## WHAT THIS TASK INVOLVES
Write the listing out again exactly as it stands, with no images.

....................

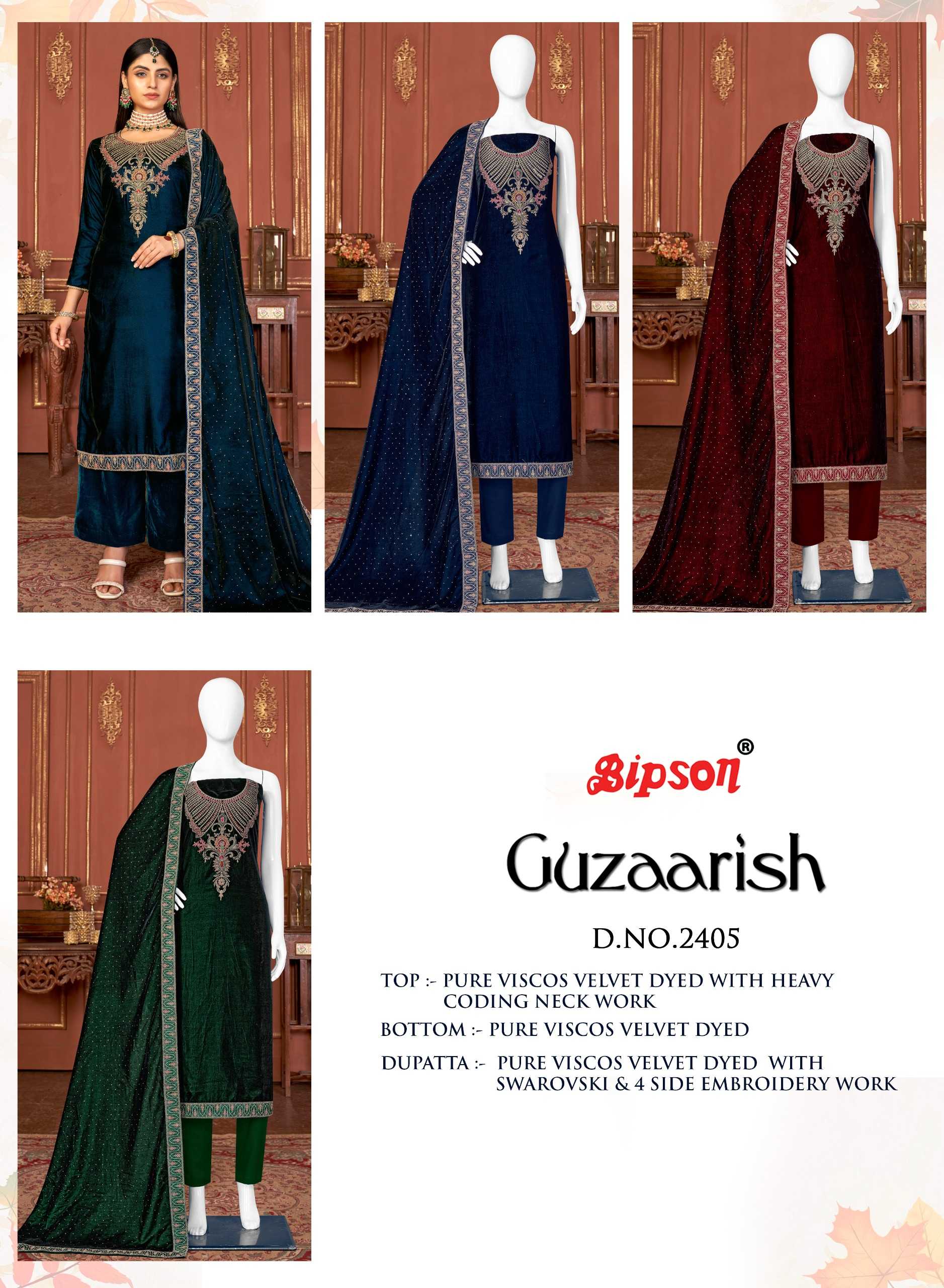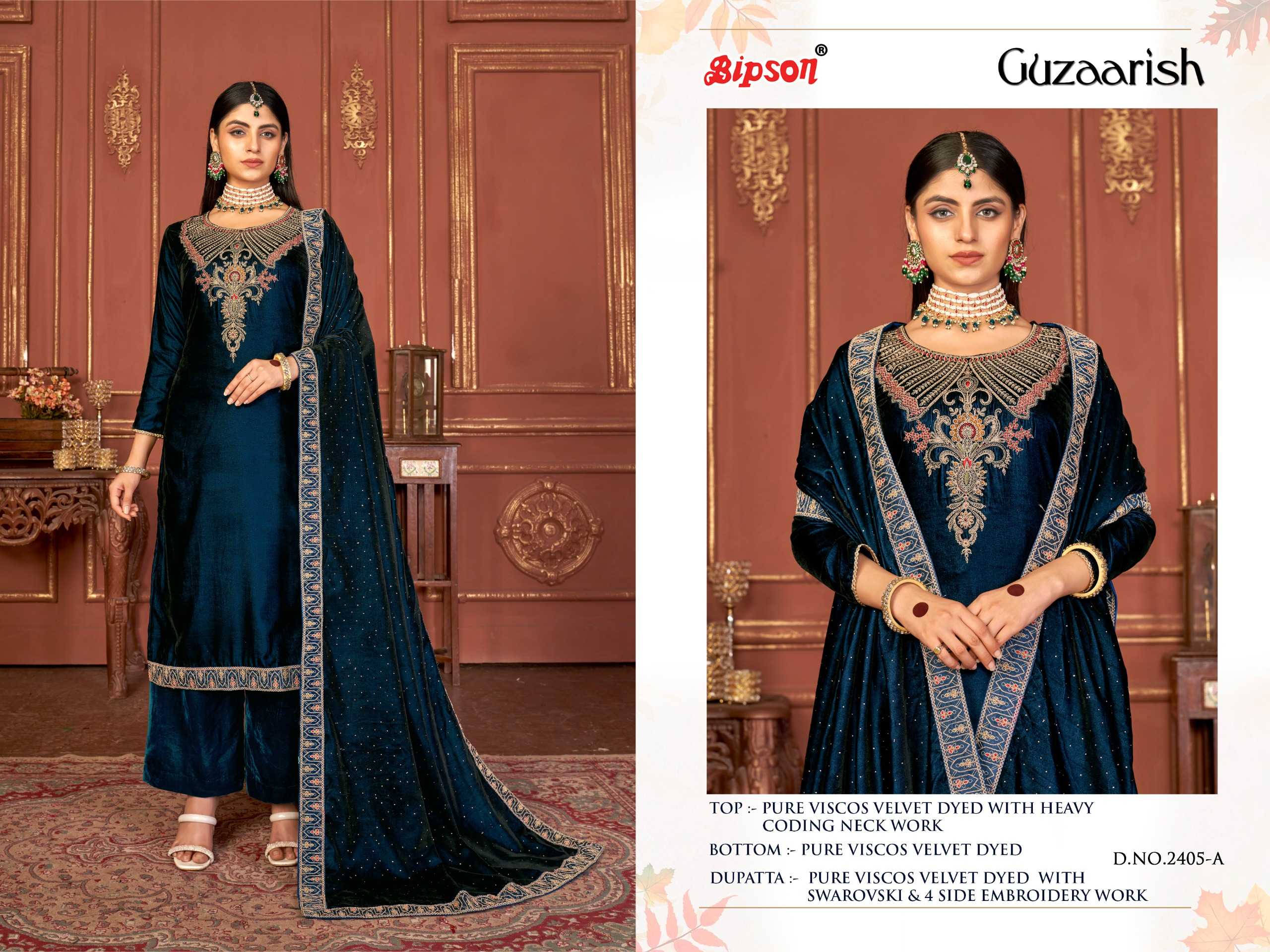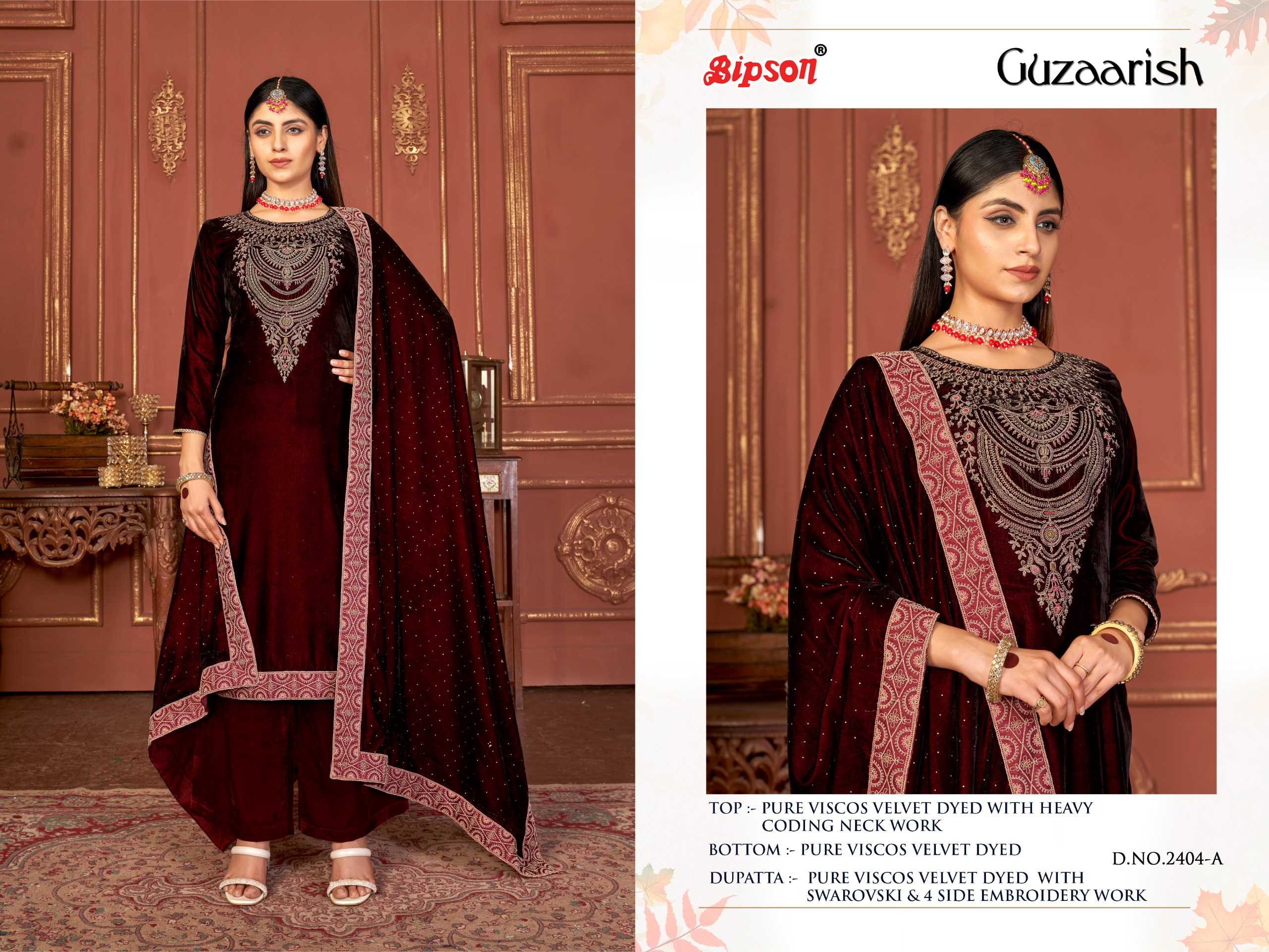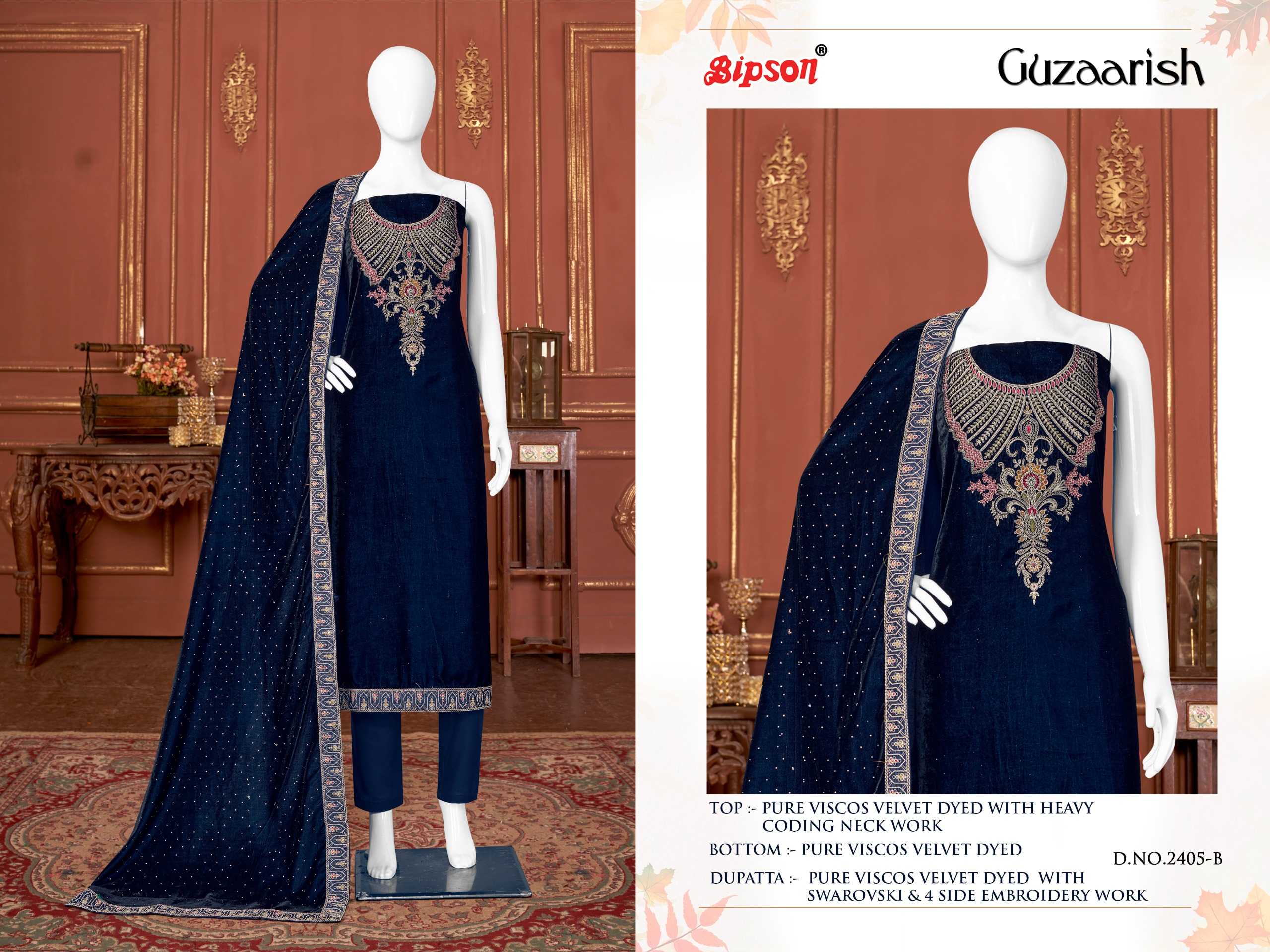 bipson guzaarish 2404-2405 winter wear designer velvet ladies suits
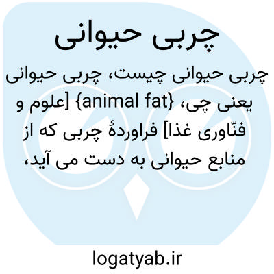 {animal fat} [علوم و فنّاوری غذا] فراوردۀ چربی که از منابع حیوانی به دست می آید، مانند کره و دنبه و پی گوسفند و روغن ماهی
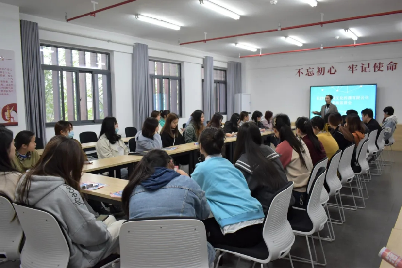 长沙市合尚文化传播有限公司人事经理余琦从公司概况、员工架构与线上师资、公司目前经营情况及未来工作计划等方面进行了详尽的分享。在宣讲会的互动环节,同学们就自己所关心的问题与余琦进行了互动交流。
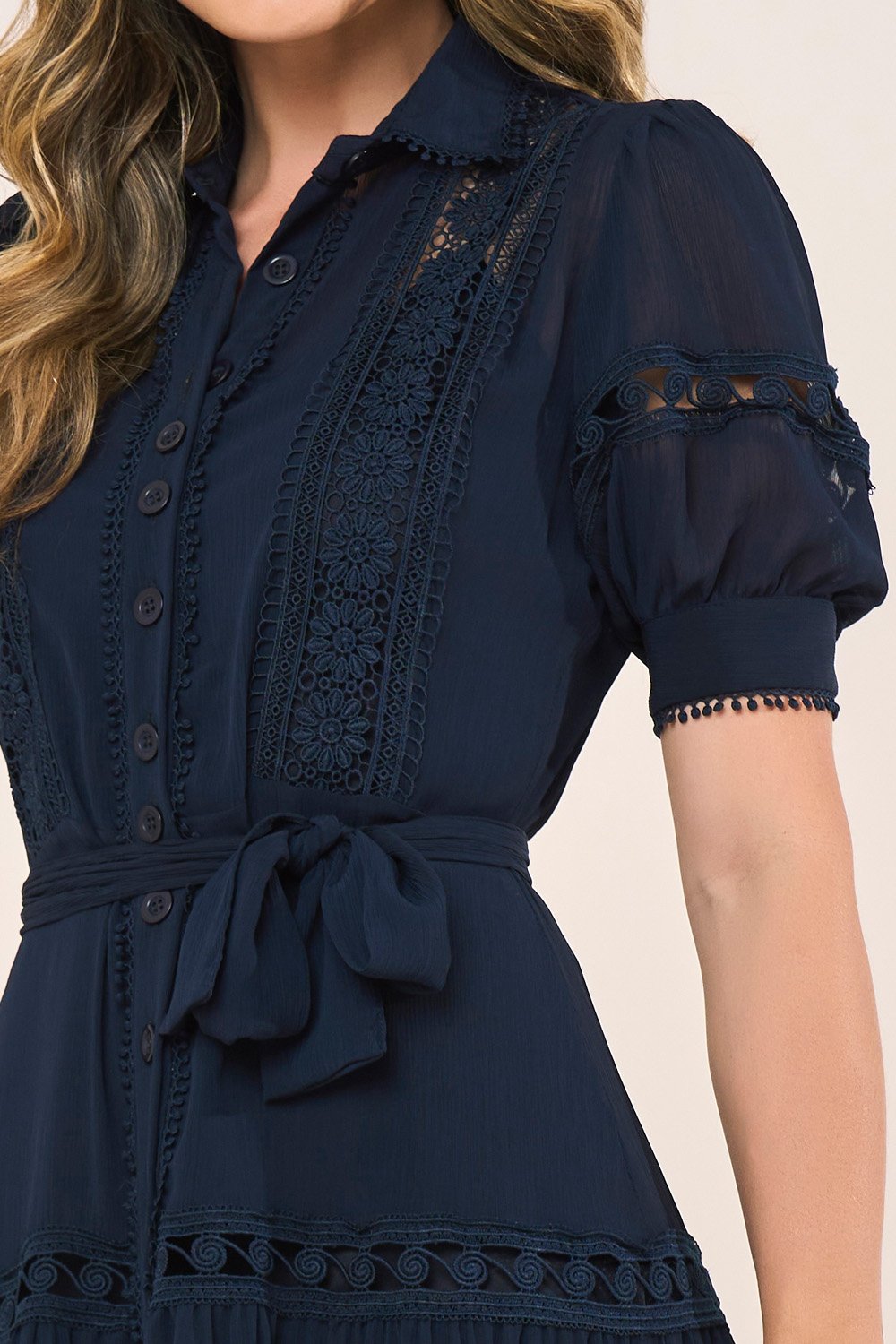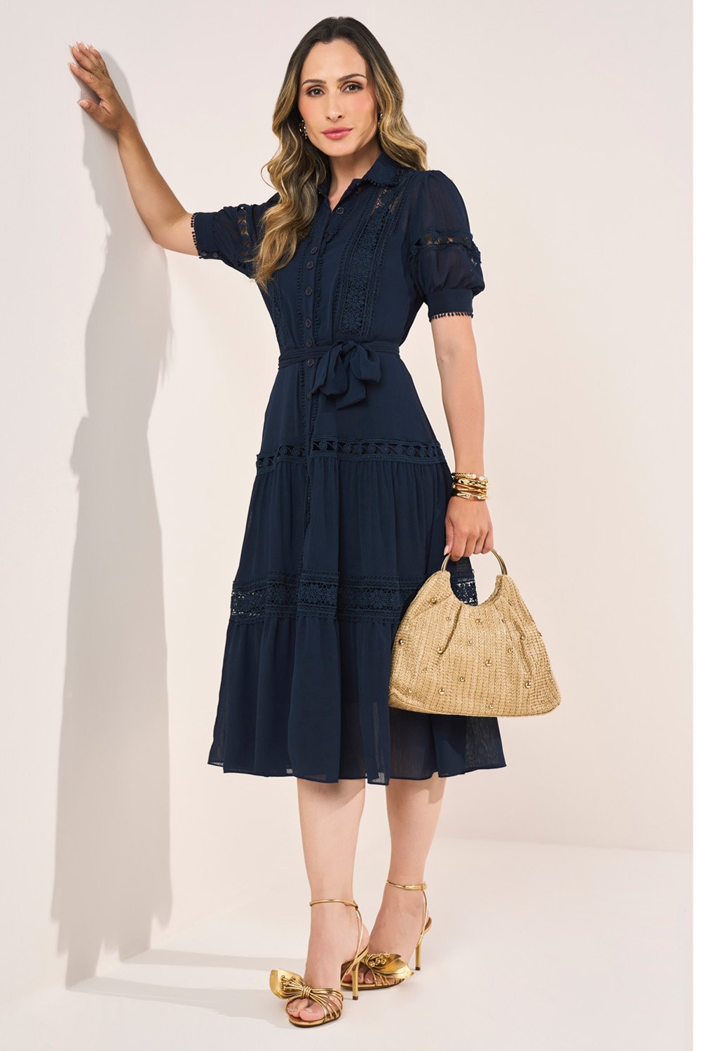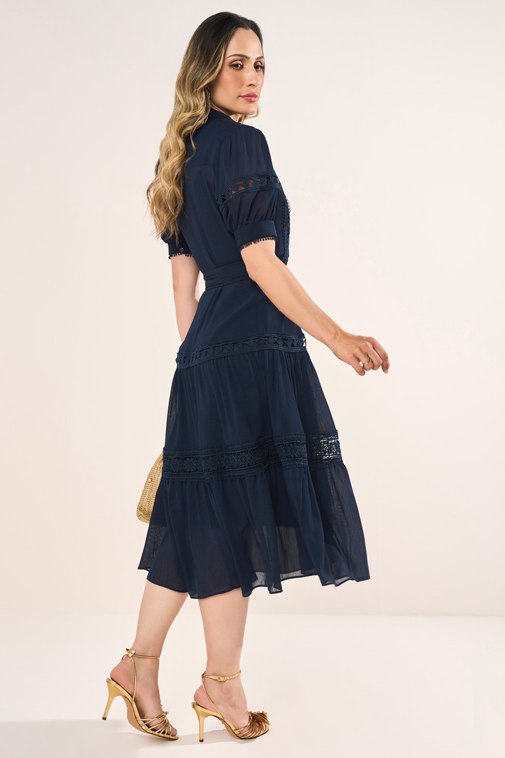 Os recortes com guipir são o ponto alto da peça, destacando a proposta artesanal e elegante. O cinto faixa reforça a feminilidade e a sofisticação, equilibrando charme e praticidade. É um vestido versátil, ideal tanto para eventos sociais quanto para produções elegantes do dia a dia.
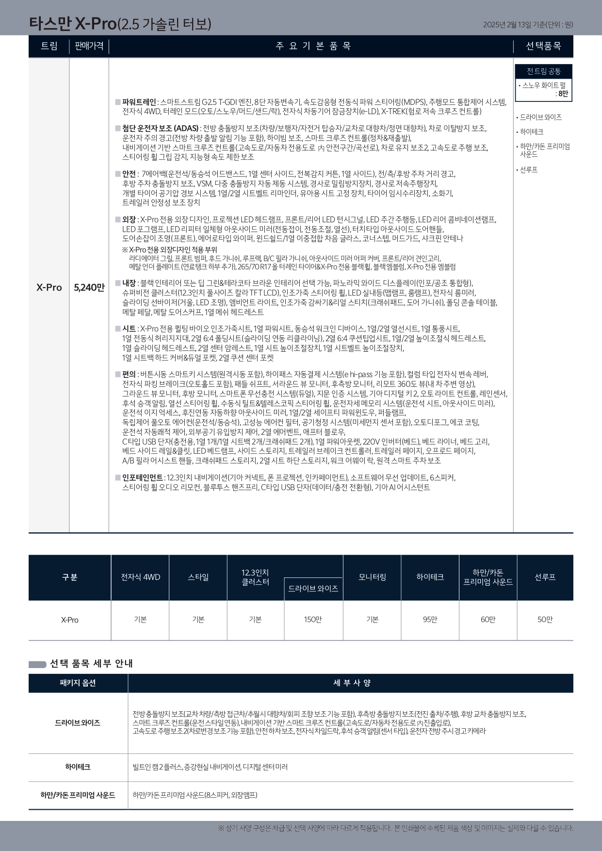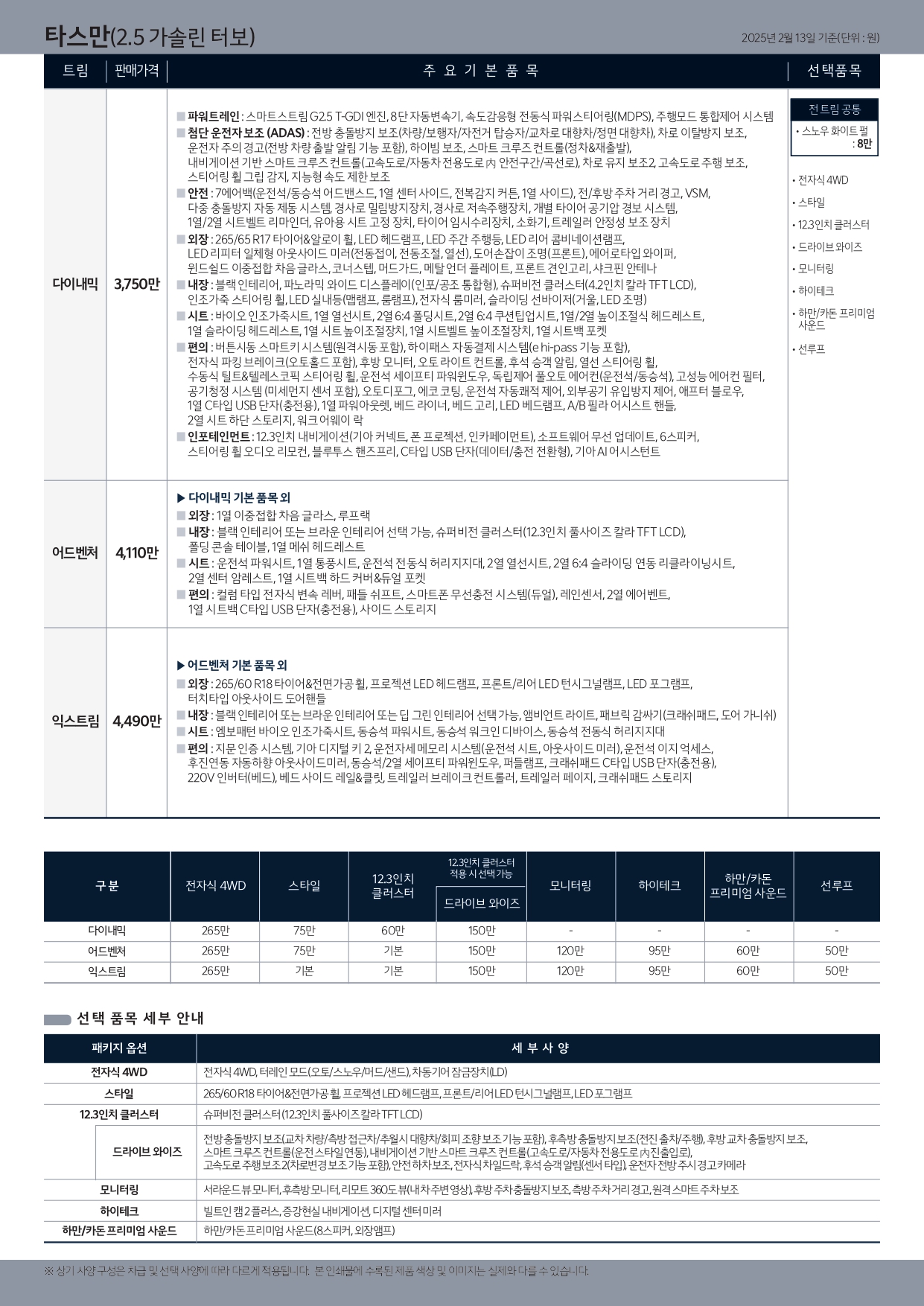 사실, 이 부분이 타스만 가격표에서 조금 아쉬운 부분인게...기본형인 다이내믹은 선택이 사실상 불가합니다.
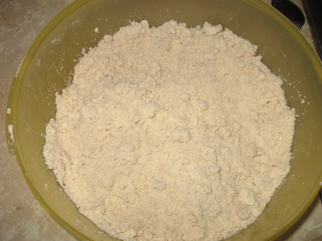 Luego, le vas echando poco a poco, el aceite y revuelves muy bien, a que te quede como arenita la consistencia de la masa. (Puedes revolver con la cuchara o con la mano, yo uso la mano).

....................

## WRITTEN RESPONSE
 bipson guzaarish 2404-2405 winter wear designer velvet ladies suits
 {animal fat} [علوم و فنّاوری غذا] فراوردۀ چربی که از منابع حیوانی به دست می آید، مانند کره و دنبه و پی گوسفند و روغن ماهی
 长沙市合尚文化传播有限公司人事经理余琦从公司概况、员工架构与线上师资、公司目前经营情况及未来工作计划等方面进行了详尽的分享。在宣讲会的互动环节,同学们就自己所关心的问题与余琦进行了互动交流。
 Os recortes com guipir são o ponto alto da peça, destacando a proposta artesanal e elegante. O cinto faixa reforça a feminilidade e a sofisticação, equilibrando charme e praticidade. É um vestido versátil, ideal tanto para eventos sociais quanto para produções elegantes do dia a dia.
 사실, 이 부분이 타스만 가격표에서 조금 아쉬운 부분인게...기본형인 다이내믹은 선택이 사실상 불가합니다.
 Luego, le vas echando poco a poco, el aceite y revuelves muy bien, a que te quede como arenita la consistencia de la masa. (Puedes revolver con la cuchara o con la mano, yo uso la mano).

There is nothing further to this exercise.